Unlocking Your Social Security Potential: A Comprehensive Guide

Posted: June 25, 2024

Social Security Retirement Benefits

Nearly every American worker includes Social Security benefits as a part of their comprehensive retirement plan. Deciding when to receive your benefits, addressing tax implications and learning the impact it can have on your goals is an important step as you move closer to retirement. Let’s take a deeper look at the potential that your Social Security can provide you. To start, when you pay Social Security taxes, you will earn “credits,” that go toward your Social Security benefits over time. The amount of credit required to be eligible for retirement benefits depends on the year you were born. For example, according to the Social Security Administration, if you were born in 1929 or later, you need 40 credits (10 years of work). Once you earn credits, they stay on your record even if you stop working or go back to work. However, the government won’t pay any benefits until you earn the required amount of credits.
 

Key Points:

  • Deciding the right time to start receiving Social Security retirement benefits.
  • You’re eligible to receive Social Security benefits but want to continue working.
  • Addressing Social Security benefits that are taxable.
  • Managing Social Security benefits that are subject to tax.
  • Family members that may be eligible for your Social Security benefits.
  • Suggestions for applying for Social Security benefits.
  • Could Social Security impact your pension from work?
  • Social Security payments aren’t available in all countries.
  • Getting the help you need from a financial professional.
 

Deciding When to Start Receiving Social Security Retirement Benefits

Deciding to receive Social Security benefits is a critical step in determining how much you will receive and how it may impact your retirement strategy and goals.

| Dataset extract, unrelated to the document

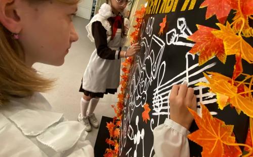 В фойе клуба оформлена фотозона ко Дню знаний.

  • Age 62: For people who are age 62 and are struggling financially, Social Security could be a very beneficial addition to their income. However, taking it before full retirement age (FRA), which is currently 67, you can expect to receive 30% reduction in monthly benefits with lesser reductions as you near FRA. If you can’t work due to health problems, you may consider applying for Social Security disability benefits. The amount of disability benefits received will be the same as full Social Security benefits. This will be converted to retirement benefits once you reach FRA.
  • Age 67 (FRA): Age 67 is now considered full retirement age (for anyone born in 1960 or later). If you were born from 1943 to 1954, the full retirement age is 66. The full retirement age increases gradually if you were born from 1955 to 1960 until you reach 67. If you start receiving benefits at age 67, the percentage ranges from 28% for high earners, 42% for medium earners and 78% for low earners.
  • Age 70: This is the optimal age to wait to take Social Security, if you can afford it. If you wait, your benefits will increase from the time you reach full retirement age, until you start to receive them. Doing so allows you to receive the largest monthly payment. Talk with a financial professional if you want to learn more about planning your retirement age.
 

Continuing to Work and Receiving Benefits Simultaneously

It’s possible to continue working and still qualify for retirement benefits. Income in (or after) the month you reach full retirement age will not lower your Social Security benefits while working. That only happens if your earnings exceed the limits before you reach FRA. For example, if you are younger than FRA, $1 is deducted from benefits for every $2 earned above the annual limit. In the year you reach FRA, 1$ of your benefits gets reduced for every $3 earned over the annual limit. Upon reaching FRA, you can work without having any benefits reduced, regardless of how much you earn. Talk to your financial professional about eligibility for the “special monthly rule.”

 

Are Social Security Benefits Taxable?

Your Social Security may be taxable at the federal level; however, it depends on your income level whether or not you have to pay anything. If you have other sources of income, such as a part-time job or retirement income through a 401(k), you may end up paying some income taxes on your Social Security benefits. Also, Social Security is taxed at any age if your income exceeds the specified limit. You may have heard that Social Security is no longer taxed after 70 or some other age but it isn’t true. To get an idea of whether you will owe any taxes on your Social Security benefits, take one-half of your benefits and add that to the amount of your other income. The technical term for this total is your “combined income.” It is calculated as follows:

  • Nontaxable interest + adjusted gross income (AGI) + ½ of Social Security benefits = combined income.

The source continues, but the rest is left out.